平均寿命400歳、最高年齢512歳! 謎の超長寿生物、ニシオンデンザメ

 さて今回は、生きた化石と呼ばれるニシオンデンザメのトリビアでTake a Breakです。数年前まで、地球上で最も長生きできる脊椎動物はホッキョククジラとされていました。中でも最長寿の個体は推定211歳。日本では江戸末期にあたり、徳川家斉が将軍だった頃に生まれたことになります。しかし最近、さらに長生きの海洋生物が存在することが分かったのです。

室町時代生まれのサメを発見 

 2016年、オンデンザメ科最大の「ニシオンデンザメ」の平均寿命が400歳以上にもなることが、ノルウェーのトロムソ大学のキム・プラエベル氏によって発見されました。その後、デンマークのコペンハーゲン大学のジュリアス・ニールセン氏のチームが、グリーンランド近海に生息する28匹のニシオンデンザメを調査。放射線炭素年代測定という方法で目の水晶体に含まれる炭素の量を測った結果、335歳、392歳、512歳という超長寿の個体を発見したのです。 

 2017年で512歳ということは、1505年、室町時代後期の生まれ。1534年に生まれた織田信長より29歳も年上ということになります。筆者は年功序列を重んじる日本人なので、自分より年上のカメやオウムに会うと自動的に謙遜してしまいますが、もし512歳のニシオンデンザメに対峙したらそれどころでは済まされなさそうです。地球上の全生物の先輩として頂点に君臨しているのですから、何も言わずにひれ伏すしかないでしょう。 

 

156歳で成人(成魚)  

 そんな超長寿なニシオンデンザメですが、成長するのが大変遅く、成魚になるまで平均156年もかかります。泳ぐ速さも大変遅く、平均時速1キロ、最高時速は3キロ。尾びれを1回振るのにも約7秒かかります。体長は最大7メートル以上、体重は1トン以上にもなる大型魚で、北大西洋の深海、最深2,200メートルに棲息しています。

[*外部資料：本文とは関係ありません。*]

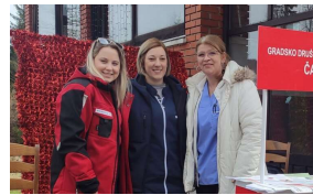
'Pravo na pomoć u kući je spas za starije Gorane, ne moraju u starački dom'
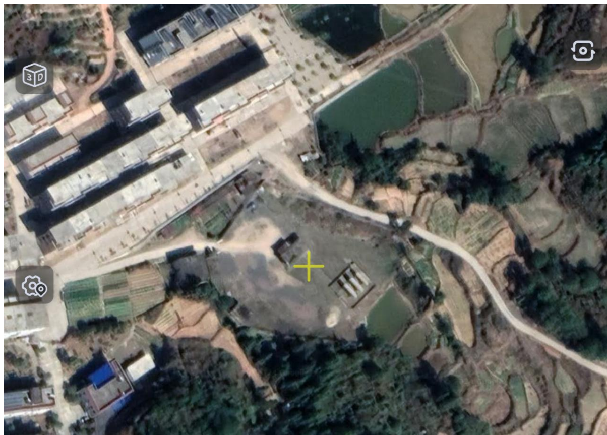
图 2.3-2 企业卫星定位图
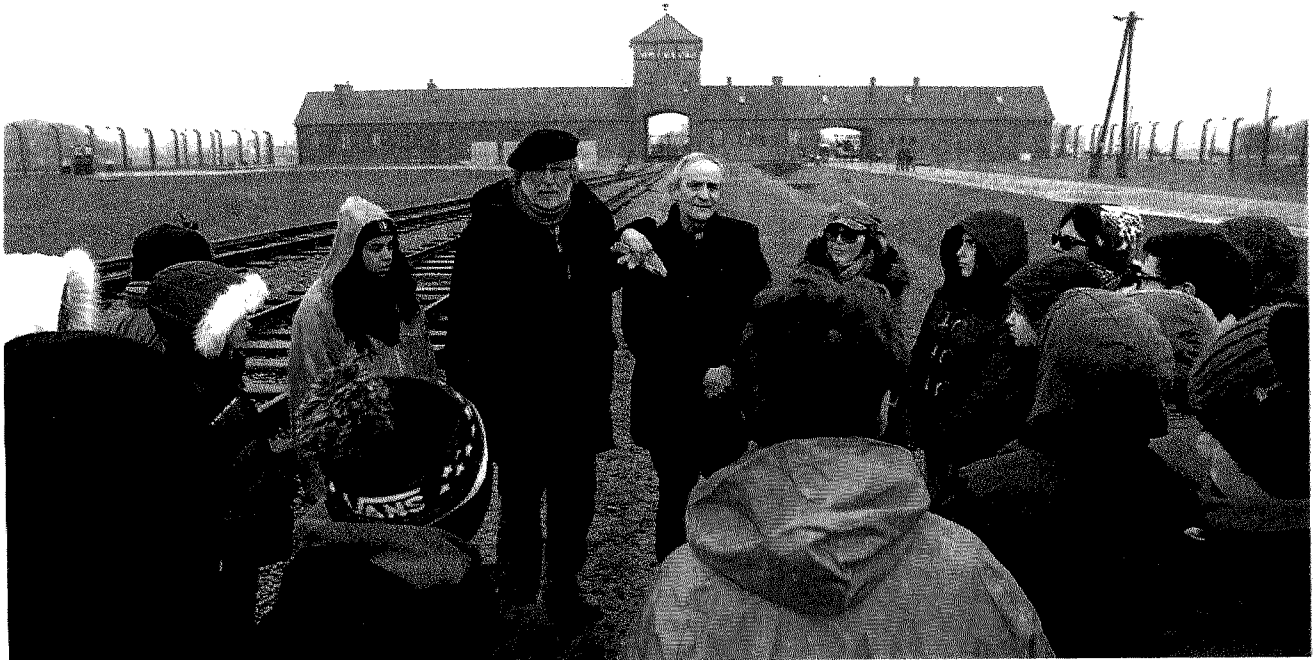
Storia e memoria. Francesco Guccini con il vescovo di Bologna Matteo Zuppi e i ragazzi della seconda media dell'Istituto Salvo d'Acquisto di Gaggio Montano (Bo)
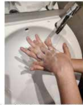
la palma de una mano contra el dorso de la otra, entrelazando los dedos y viceversa,
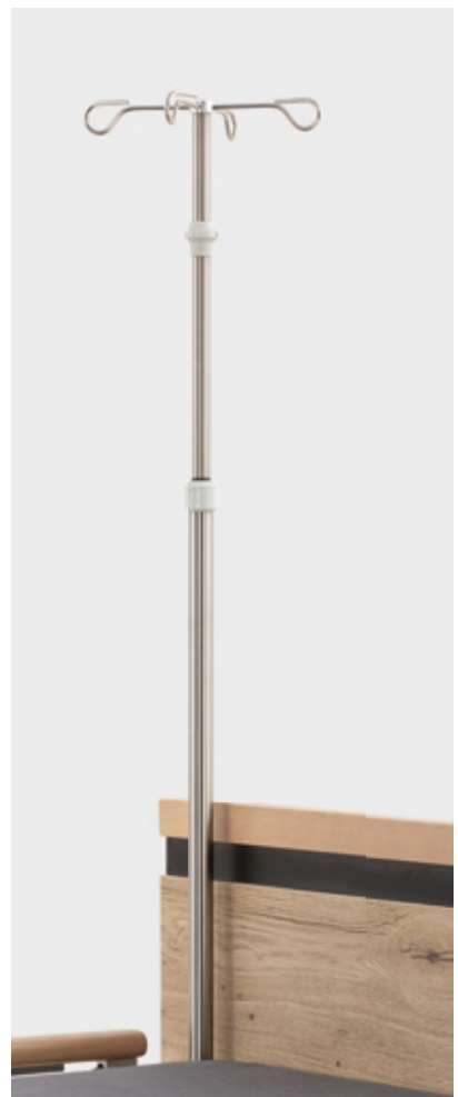
Infusionsstativ gerade Edelstahl Artikel-Nr. V80300000000
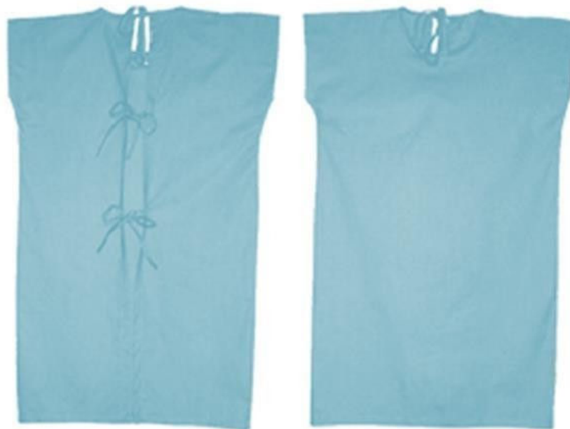
Figura : Camisola adulto aberta atrás
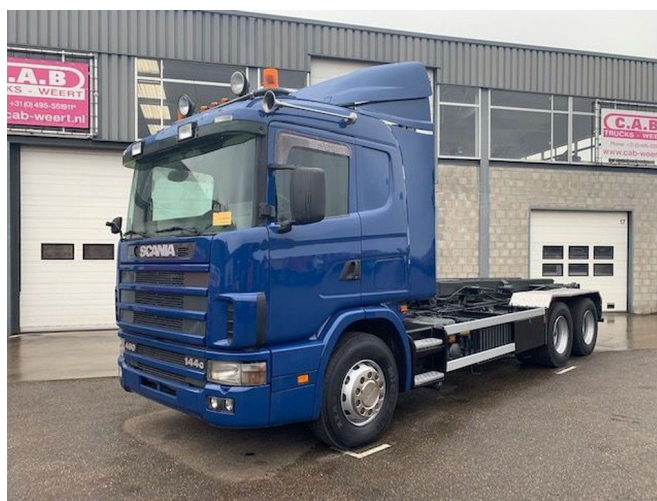
Scania 144G V8 460HP 6x2
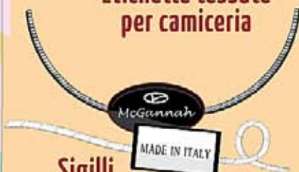
Sigilli di sicurezza
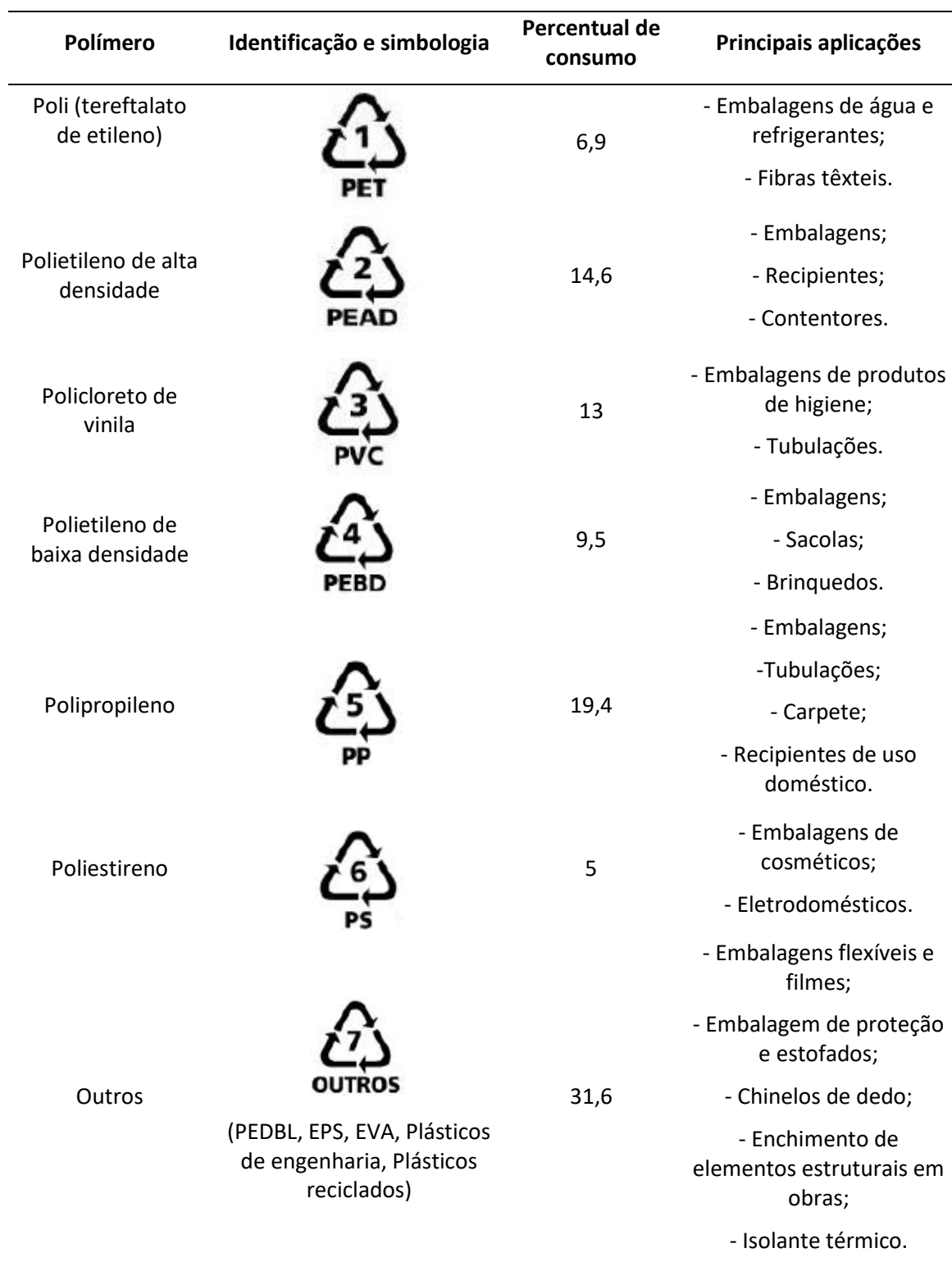
Tabela 1. Principais polímeros, percentual de consumo e principais aplicações
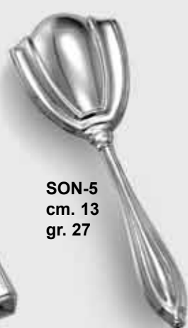
SON-5 cm. 13 gr. 27

餌を獲る際は沿岸部に上がり、サケやマス、エイやウナギなどを食べるほか、大型の個体はアザラシなども狩って食べます。死んで海に流されてきたホッキョクグマやトナカイの遺骸なども食べることが分かっており、餌になるならほぼ何でも食べるのではないかと言われています。 

 

年間捕獲数は3万匹から1200匹に減少  

 北極海近辺の先住民族は古くからニシオンデンザメの骨や歯、皮などを利用していました。肉には毒性の成分が含まれているため、食す時は乾燥や洗浄を繰り返す必要があります。1990年代までは肝臓が肝油などに利用されたほか、アイスランドでは「ハカール」と言う発酵食品の材料として使われており、年間約3万匹ものニシオンデンザメが捕獲されていました。近年は、成魚になるまで時間がかかることが判明し、生息数も減少してきていることから、環境保護団体や海洋研究者たちによって保護されています。その甲斐あって、間違って水揚げされるものも含め、捕獲されるニシオンデンザメは年間1200匹までに減少しました。 

 

長寿メカニズムを人間に応用できる可能性  

 ニシオンデンザメの超長寿の秘密は、肉に毒が含まれるため捕食されにくいことや、大変ゆっくりとした代謝、棲息する北大西洋の深海の水の冷たさなどにあると考えられていますが、未だはっきりとは分かっていません。しかし、この先の研究で詳細が判明した暁には、その長寿のメカニズムを応用することにより、私たち人間がより長い寿命を獲得できる可能性があると言われています。